The Nifty has lost nearly 29% since the peak of mid-February. This is despite a 14% jump in the last 4 days of this week. One factor that has highlighted the huge fall in the market has been sharply higher VIX levels. This may have to be watched closely in the coming days.
What is VIX all about?
The VIX is the volatility that is implied in the option pricing. Instead of just a single strike, a series of strikes around the spot price is taken and the IVs are averaged to arrive at the VIX. The VIX is also called the fear index as it shows the amount of fear implicit in option pricing. A higher level of VIX is an indication of a high degree of fear and uncertainty in the markets and is normally bearish.
VIX versus the Nifty
One of the most important relationships to understand is the one between the VIX and the Nifty levels. Historically, the Nifty and the VIX charts have moved exactly opposite to each other. VIX level of 20 and below are considered to be conducive to an up move in the indices. Throughout most of the last few years, the VIX has been in the region of 12-16. At these levels, the markets are seen as safe and any correction is soon met with interested buyers. In other words, you can say that downsides are limited. When the VIX tends to peak above 50, that is when the steep market falls are seen as also the sharpest corrections.

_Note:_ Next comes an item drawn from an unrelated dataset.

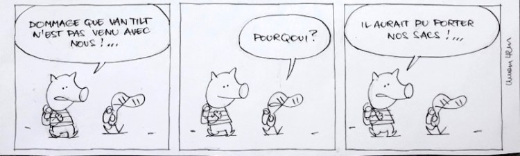 Door een reprint strook 283 uit 1990 eerder die week is strook 657 nooit in De Volkskrant verschenen Harold: Jammer dat Van Tilt niet met ons mee is gekomen!… Wilbur: Waarom? Harold: Hij had onze tassen kunnen dragen! Originele strook Dit delen: Klik om te delen op X (Opent in een nieuw venster) X Klik om te delen op Facebook (Opent in een nieuw venster) Facebook Vind-ik-leuk Aan het laden... Gerelateerd

How is VIX behaving currently?
VIX had first touched a peak of 85 during the peak of the Lehman crisis in 2008. After that, there have been bouts of spikes in VIX but it never got back to those levels. During April and May 2019, VIX had spiked to above 40 due to the election uncertainty but these levels tapered post the outcome. However, since the middle of Feb-20, the VIX has been consistently above the 50 levels and even touched a peak of 86.60 during this period. However, even after the recent bounce, the VIX continues to be elevated around the 70 levels. During the same period, the Nifty has fallen sharply by over 33%.
How to interpret the VIX
How do you interpret the VIX at above 70 levels with the Nifty showing signs of a bounce and the government trying to boost the economy? Clearly, any reliable rally in the Nifty can only happen after the VIX tapers to lower levels. As we have seen in the last few weeks, as long as VIX is at such elevated levels, market rallies are likely to be led by short-covering and will face pressure at higher levels. That is why you find that when the VIX remains high, the indices test the lows multiple times. Markets tend to bottom out only after the VIX tapers to below 20 and the last bull is squeezed out of the market. Sharp falls rarely exhibit a V-shaped recovery. It is a long grinding return to the previous high!